Yesterday as I collected my prescription for the coming four weeks, I was told that I would not be receiving some of my drugs, because a decision will be taken next week as to whether I will remain on the PADIMAC trial.
There are many variables influencing the decision, but the main one has to be my paraprotein level. The blood test has not been taken since the increase last week, and the test will not be done again until next Wednesday. I, and the Medically Trained People, will then have to wait until Friday for the results. The Medically Trained People will then make a decision about what treatment I will have on Monday 5 November on the afternoon of Friday 2 November. I in turn have to sit and wait. Sit tight and not think about failure.
Yesterday I said I had a big head; Housemate yesterday confirmed with me that he always knew this to be the case. I do have a big head and if you exclude some sporting activities and the D I received in my GCSE music course, I haven’t failed many things in my life. The GCSE result doesn’t really count anyway, because I did it after school as an add on. Actually, maybe I have failed in matters of the heart, job interviews (correction, fixed job interviews) and facial hair growth prevention. I am trying to think of other things, but right now, nothing comes to mind. As I cannot think of any more, it becomes gospel that I am a Success Story. Clearly, this is not reflected in my treatment to date for My Myeloma. Did nobody tell My Myeloma that I am egotistical enough to want and expect success? Stubborn arse.

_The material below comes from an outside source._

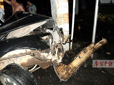 事后发,家住北海市中山东路的黄先生第一个赶到现场。他说,事发时间约在当日凌晨2时10分,车祸就发生在他家门外。当时,他听到一声巨响,出门就看到一辆黑色雷克萨斯汽车撞上了“北海大清邮局”旧址前的一根方型电线杆,车头被撞得散了架,一名男子倒在座位上。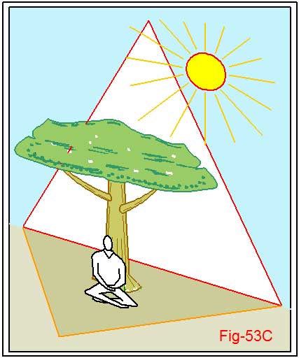 Deixe-se ficar dentro dela, da imagem visuali-zada, e sinta a quietude que ela lhe concede. Acomode-se. Veja na figura 53C o que ela sugere. Sente-se sob a frondosa árvore. Encoste e sinta o tronco a suas costas. Sinta, também, o contato com o chão. O “calor” inspirativo daquele Sol e a sombra amena da árvore. Sinta que só você está ali. Parecendo que o restante do universo desapareceu. Este profundo silêncio exterior vai lhe permitir ouvir sua voz interior. Não reprima a espontaneidade do que ela lhe falar. Pode, de início, lhe parecer dizeres desconexos. Sem fundamentos. Até mesmo, coisas bobas na sua conceituação. Deixe. Não preste muita atenção a isso. Apenas sinta. São seus sentidos ocultos se despertando. Olhos, ouvidos, e sentidos do tato, formas extras que você nem sabia possuí-los. Eles lhes trazem percepções novas. Percepções que vêm das outras dimensões de você mesmo.

I have the further complication of the worsening side effects to the Velcade. Apparently they are cumulative and thus will get worse if I continue. I have been reliably informed that this rather expensive injection ‘works for most people’. Well, my body does not like the Velcade. The current thinking from the Medically Trained People is that my illness at the weekend was due to the drug; this is something I too believe now because last night after my injection, I once again became a sloth. Once again my energy was wiped, my pins and needles were delightful, the nausea was hugging me and hypothetically, the dizziness resembled the after effects of the popper. Now, if I remain on the trial, I would manage the side effects if I knew It was helping and would make me better. I am well hard and I have a big head. I get the impression from the Medically Trained People that these side effects should not be happening and thus if I continue, my dosing will have to be altered. This does sound more sensible than me being immobile for four to five days out of every 21, however, I just want to put it out there, that I would deal with them if I had to.
So, this time next week, I will find out whether this treatment has run its course and I’ll be getting ready to move on to the next. If I am honest with myself, I am prepared for this inevitability. I am frustrated by the failure, the set back, but it is better to find out now then in nine weeks time that my treatment has failed. It means I get a nine week head start, which in turn means that I am nine weeks closer to beating this thing.

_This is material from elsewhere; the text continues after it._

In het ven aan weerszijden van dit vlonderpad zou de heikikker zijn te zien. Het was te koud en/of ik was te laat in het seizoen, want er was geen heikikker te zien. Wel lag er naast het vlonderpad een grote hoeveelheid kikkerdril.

I have my consultant appointment next Bad News Wednesday and I imagine that given this impending decision, that the appointment is going to be a real hoot. I’ll look forward to that.

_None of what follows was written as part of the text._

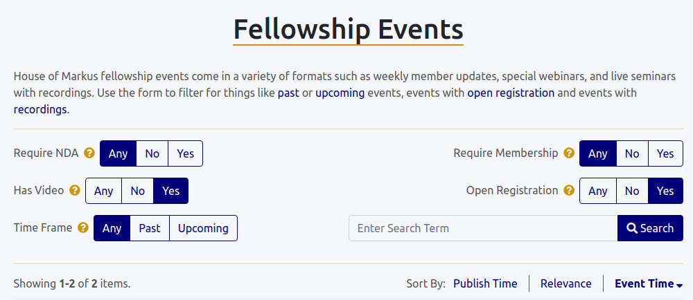Our main search page has been improved with controls to filter content based on whether it requires the user to have completed their NDA or is an active member. The events page has its new search with those controls as well as additional ones for whether events have videos, open registration, and whether they are past or upcoming events.

I must remember that there are many battles in a war. Wins and losses. Try as I might, I cannot remember all the battles of the English Civil War, which I was going to use to labour my point, but the success of the Roundheads over the Cavaliers is by the by. King Charles II still came to the throne. Sure, this might not apply to modern warfare, but it works nicely for My Myeloma. Today at least.
An update will most definitely follow.